Dehghani stressed the following points:

Initially, when this whole idea of a data-driven innovation came to exist and we needed all sorts of technology stacks, we centralized creation of the data and usage of the data, and that’s OK when you first get started where the expertise and knowledge is not yet diffused and it’s only the privilege of a very few people in the organization. But, as we moved to a data-driven innovation cycle in the organization, and as we learn how data can unlock new programs, new models of experience, new products, then it’s really, really important to get the consumers and producers talk to each other directly without a broker in the middle.

Because even though having that centralized broker could be a cost-effective model, but if we include the cost of missed opportunity for something that we could have innovated but we missed that opportunity because of months of looking for the right data, then the cost benefit parameters and formula changes. So to have that data-driven innovation, embedded into every domain, every team, we need to enable a model where the producer can directly, peer-to-peer, discover the data, understand it and use it. The litmus test for that would be going from a hypothesis that, as a data scientist, I think there is a pattern, and there is an insight in the customer behavior that, if I have access to all of the different information about the customer, all of the different touch points, I might be able to discover that pattern and personalize experience of my customer. The litmus test is going from that hypothesis to finding all of the different sources, be able to understand, and then be able to connect them and then turn them into training of machine learning and the rest is, I guess, known as an intelligent product.

Comparing traditional monolithic data models to data mesh

The lefthand side of the chart above is a curated description of Dehghani’s observations of most monolithic data platforms. They are optimized for control, they serve a centralized team that has formed around hyper-specialized roles. Further, operational stacks running enterprise software on Kubernetes and microservices are isolated from the Spark clusters managing the analytical data. And so on.

Whereas the data mesh characteristics are shown on the righthand side of the graphic. It proposes greater autonomy and the management of code, data pipelines and policy as independent entities versus a single unit. The point was made earlier that we must enable generalists and borrow from so many other examples in the industry. So it’s an architecture based on decentralized thinking that can be applied to any domain.

Dehghani explains in this clip as follows:

If I pick a one key point from that comparison, it’s a focus on the data platform. So, the platform capabilities need to present a continuous experience from an application developer building an application that generates some data. Let’s say I have an e-commerce application that generates some data to the data product that now presents and shares that data as temporal, immutable facts that can be used for analytics to the data scientists that uses that data to personalize the experience to the deployment of that ML model now back to that e-commerce application. So, if you really look at this continuous journey, the walls between these separate platforms that we have built need to come down.

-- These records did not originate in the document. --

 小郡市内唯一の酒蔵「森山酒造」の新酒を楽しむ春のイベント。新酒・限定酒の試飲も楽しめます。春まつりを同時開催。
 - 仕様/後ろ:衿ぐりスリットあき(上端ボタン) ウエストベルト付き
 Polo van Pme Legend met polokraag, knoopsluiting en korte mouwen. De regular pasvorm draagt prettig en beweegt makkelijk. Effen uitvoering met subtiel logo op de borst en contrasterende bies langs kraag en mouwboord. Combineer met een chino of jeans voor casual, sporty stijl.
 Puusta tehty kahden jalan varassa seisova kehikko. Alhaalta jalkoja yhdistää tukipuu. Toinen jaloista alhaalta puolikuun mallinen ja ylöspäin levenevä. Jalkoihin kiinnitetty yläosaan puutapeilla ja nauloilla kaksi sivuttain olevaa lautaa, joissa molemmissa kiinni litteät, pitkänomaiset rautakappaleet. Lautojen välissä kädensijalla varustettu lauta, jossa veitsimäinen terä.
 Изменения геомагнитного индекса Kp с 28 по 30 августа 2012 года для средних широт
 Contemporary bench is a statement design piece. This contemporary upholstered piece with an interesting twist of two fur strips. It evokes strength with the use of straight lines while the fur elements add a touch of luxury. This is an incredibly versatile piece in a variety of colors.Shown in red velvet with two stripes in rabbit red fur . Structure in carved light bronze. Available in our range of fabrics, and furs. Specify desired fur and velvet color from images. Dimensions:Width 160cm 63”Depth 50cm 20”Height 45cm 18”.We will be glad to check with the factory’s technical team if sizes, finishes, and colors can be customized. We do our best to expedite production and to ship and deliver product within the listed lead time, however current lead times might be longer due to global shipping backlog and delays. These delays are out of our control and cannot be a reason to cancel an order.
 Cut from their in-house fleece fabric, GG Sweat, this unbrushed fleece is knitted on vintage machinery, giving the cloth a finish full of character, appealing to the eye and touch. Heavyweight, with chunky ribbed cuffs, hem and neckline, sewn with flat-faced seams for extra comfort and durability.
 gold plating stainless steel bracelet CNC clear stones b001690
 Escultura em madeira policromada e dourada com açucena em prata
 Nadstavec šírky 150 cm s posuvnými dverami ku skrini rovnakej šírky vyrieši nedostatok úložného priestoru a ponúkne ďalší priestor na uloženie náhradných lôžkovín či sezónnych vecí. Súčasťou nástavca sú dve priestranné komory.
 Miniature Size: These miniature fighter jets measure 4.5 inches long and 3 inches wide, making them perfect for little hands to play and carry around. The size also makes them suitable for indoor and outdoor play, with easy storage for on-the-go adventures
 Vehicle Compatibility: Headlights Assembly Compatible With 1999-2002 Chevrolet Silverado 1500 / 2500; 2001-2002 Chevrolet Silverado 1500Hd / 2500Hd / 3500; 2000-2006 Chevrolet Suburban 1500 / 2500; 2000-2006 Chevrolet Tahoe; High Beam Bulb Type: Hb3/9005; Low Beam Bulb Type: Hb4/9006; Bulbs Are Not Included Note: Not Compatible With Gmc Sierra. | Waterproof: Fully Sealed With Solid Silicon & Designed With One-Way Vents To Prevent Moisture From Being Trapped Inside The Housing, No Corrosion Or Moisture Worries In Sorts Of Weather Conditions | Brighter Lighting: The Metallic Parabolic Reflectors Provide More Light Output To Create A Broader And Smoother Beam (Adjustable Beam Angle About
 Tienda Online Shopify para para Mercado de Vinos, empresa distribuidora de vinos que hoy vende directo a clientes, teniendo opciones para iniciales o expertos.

The platforms underneath that support the operational systems versus support the data platforms versus supporting the ML models, they need to kind of play really nicely together because, as a user, I’ll probably fall off the cliff every time I go through these stages of this value stream. So then, the interoperability of our data solutions and operational solutions needs to increase drastically because, so far, we’ve got away with running operational systems and application on one end of the organization, running data analytics in another, and build a spaghetti pipeline to connect them together.

Neither of the ends are happy. I hear from data scientists, data analysts, pointing fingers at the application developer saying, “You’re not developing your database the right way.” And application pointing fingers say, “My database is for running my application. It wasn’t designed for sharing analytical data.” So, what a data mesh tries to do is bring these two worlds together closer, and then the platform itself has to come closer and turn into a continuous set of services and capabilities, as opposed to these disjointed, big, isolated stacks.

APIs, interfaces, planes and the data mesh platform experience

The diagram above digs deeper into the platform. It describes the various planes within the platform and the entries to and the exits from the platform.  The planes represent functionality such as the underlying infrastructure in the utility plane: a plane that enables data products to be discovered and shared, and a plane that enforces policies.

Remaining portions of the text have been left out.